Maryland firms manage approximately $2.3 billion, or 10.4 percent, of the foreign assistance budget of the Department of State and the U.S. Agency for International Development (USAID)—with DAI serving as the state’s leading development firm operating in 60 countries.

“DAI, nongovernmental organizations, universities, and other private sector firms together employ some 13,000 development professionals in Maryland and worldwide on behalf of the U.S. government and other donor agencies,” said DAI’s Tim Beans, who on April 18 spoke in Baltimore before the Governor’s International Advisory Council.

Beans, DAI’s senior vice president and senior advisor to the president and CEO, told the council of prominent Maryland business and public leaders that DAI and other global development firms are an important segment of the state’s economy in helping developing countries improve their economic standing and capacity to trade globally, benefiting the Port of Baltimore and Marylanders.

“In Vietnam, DAI has assisted the government in its stewardship of one of the world’s fastest-growing economies,” Beans said.

U.S. exports to Vietnam, for example, have increased from approximately $460 million in 2001 to more than $4.3 billion in 2011, according to the U.S. Census Bureau. DAI began supporting Vietnam’s implementation of the U.S.-Vietnam Bilateral Trade Agreement in 2001 as well as the reforms needed for Vietnam’s accession to the World Trade Organization, which the country achieved in 2007. Beans also spoke about DAI’s recently won work with WalMart on women’s enpowerment, the Urban Gardens program in Ethiopia as well as the company’s economic development efforts in the Palestinian Territories.

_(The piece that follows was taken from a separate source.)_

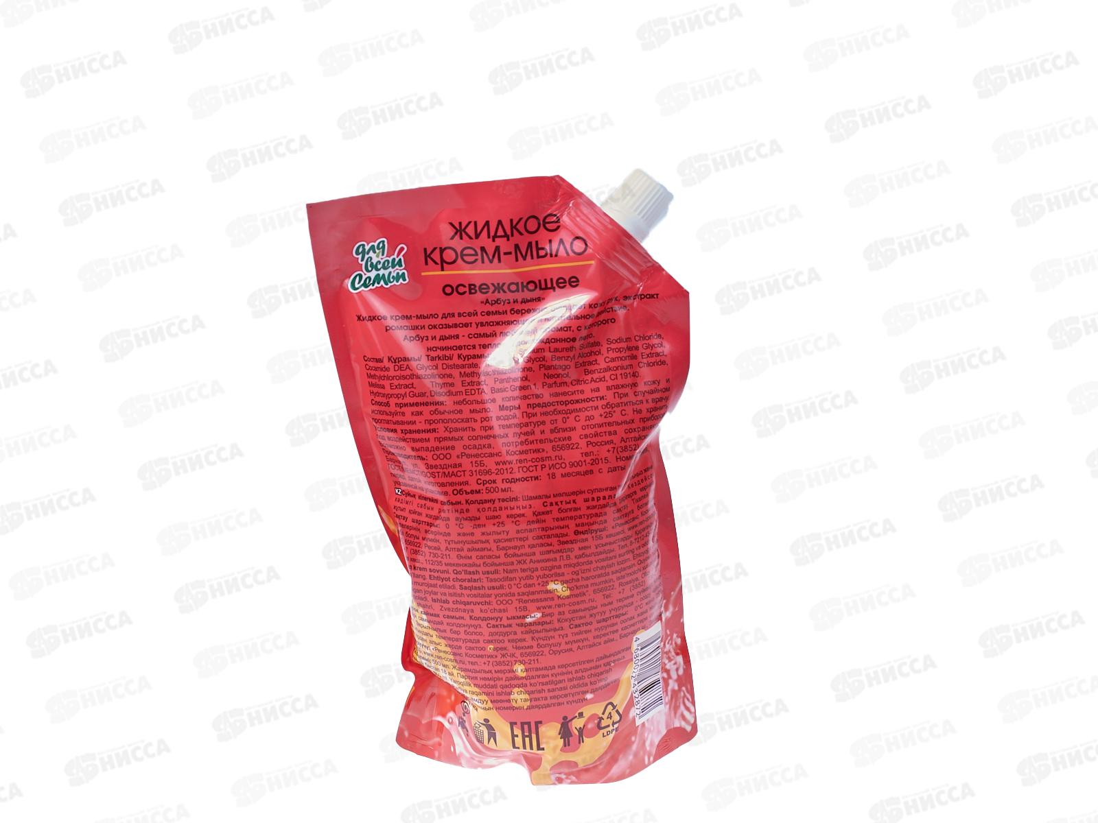 ДЛЯ ВСЕЙ СЕМЬИ Крем-мыло Освежающее Арбуз и дыня 500мл дой 2695 *12

Beans also addressed a number of challenges facing the international development community, including decreasing budgets among the U.S. and other G8 nations, escalating compliance costs, and USAID’s procurement reforms. The presentation was the first time a Maryland-based global development firm has appeared before the council. The council provides strategic direction to the governor and the Maryland Department of Business & Economic Development on ways to enhance Maryland’s global profile. Created in 2009, the board is comprised of 20 business and public executives from bioscience, manufacturing, finance, technology, education, agriculture, transportation, and nonprofit industries.

DAI in January was named a winner in the World Trade Center Institute’s 16th Annual Maryland International Business Leadership Award program. DAI was one of seven winners chosen from a pool of 80 independently nominated companies from the state. Winning companies were selected based on their success in international business, growth in revenue and employment, and community involvement. And in 2010, DAI was named the No. 1 company in Maryland in The Gazette of Politics and Business’ annual “P&B53” ranking, which honors the 53 “most exceptional” companies in the state.